A fatal wire strike on the Columbia River near Pasco, Washington claimed the lives of two aviators on June 24, 2026, when a vintage Cessna 195 floatplane, N3877V, struck power lines while attempting to land on the river near the Cable Bridge — also known as the Ed Röhner Bridge. The registered owner, 64-year-old Randy Peterson of Sonoma, California, and his passenger, 50-year-old Eric Wayne Houston, were en route from Napa, California to Priest Lake, Idaho to attend the Tanglefoot Splash-In, an annual gathering of rare and unusual floatplanes. Eyewitness accounts and video footage confirm the aircraft crossed the bridge before contacting wires that run parallel to it, causing the Cessna to pitch nearly inverted into the river. Peterson operated the aircraft on straight floats — not amphibious — meaning airport landings for fuel were not available to him, and water landings en route were operationally necessary.
Several compounding hazard factors are immediately apparent in this accident sequence. The power lines involved carry no orange obstruction ball markers, and the relevant VFR sectional chart does not depict the lines themselves, though the supporting towers are charted. Whether the wires fell below the FAA-mandated height threshold requiring obstruction marking — generally structures exceeding 200 feet AGL — has not been confirmed, but the visual environment near the Cable Bridge is already cluttered with towers, bridge cables, and marina infrastructure, creating a high-density wire environment at river level. Additionally, the Cessna 195's Jacobs radial engine produces significant nose-high pitch on approach, meaningfully degrading forward and downward visibility during the final stages of a water landing. This aircraft-specific limitation, combined with the inherent difficulty of spotting unmarked, thin-gauge transmission lines against a complex background of urban infrastructure, presents a nearly undetectable hazard in the critical final seconds of approach.
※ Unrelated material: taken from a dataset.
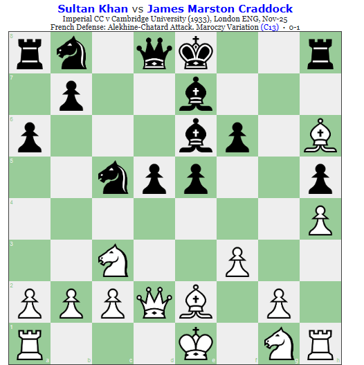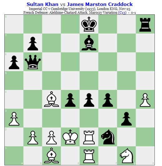 J. M. Craddock was British Boys (U-18) champion 1929-1931. I take particular interest in his games because for a while in the 50’s he lived in Dunstable and played for Bedfordshire. Here he dismantles British champion Mir Sultan Khan, who brought it on all himself in my opinion. The move below played by him is either extremely brave or downright foolhardy, one of the two -not a move I would dare play. Castling long, looks natural on one level as black has king safety issues, but that said, Khan is subject to an attack which he has no answer for, making castling long look premature perhaps?

The accident raises serious questions about chart currency and obstruction-marking regulations as they apply to seaplane operations in corridor waterways. Urban rivers present a fundamentally different hazard profile than remote lakes or coastal bays — the traditional environment for which floatplane operations are most commonly planned and trained. Power lines crossing or running parallel to navigable rivers in urban and semi-urban settings are common throughout the Pacific Northwest and the broader Columbia River system, yet many of these crossings remain unmarked on VFR sectionals or lack physical obstruction markers. For seaplane pilots, the absence of a charted seaplane base does not indicate an absence of operational activity; fuel availability, transit routing, and event attendance all drive opportunistic water landings in undesignated areas, precisely where hazard documentation is least reliable.
For professional operators and flight departments with floatplane or amphibious assets — including Part 91, 91K, and 135 operators running turbine singles or twins on floats — this accident reinforces the need for explicit low-altitude wire-avoidance briefings and conservative decision-making regarding off-airport water landing sites. The exponential increase in wire-strike probability with decreasing altitude below 1,000 feet AGL is well-established in accident data, and wire strikes remain disproportionately fatal compared to other low-altitude collision events. Operators should treat any unplanned or non-surveyed water landing site — particularly in river corridors near developed areas, bridges, or marinas — as presumptively wire-contaminated until a thorough visual and chart survey is completed. The Cessna 195 egress configuration, with a single cabin door on the right side requiring occupants to pass through the rear cabin, also highlights the value of aircraft-specific survival and egress planning for floatplane operators, particularly in the event of inversion or rapid flooding following an impact.
This accident is the latest in a pattern of wire-strike fatalities involving experienced pilots in recent weeks, underscoring that proficiency and aeronautical experience do not provide meaningful protection against an invisible, instantaneous hazard. The broader industry implication is a renewed call for advocacy around mandatory obstruction marking of river-crossing power lines in navigable waterways, better digital integration of obstruction data into EFB and moving-map platforms, and structured pre-landing hazard surveys as a required element of seaplane operational culture — not merely a recommended practice.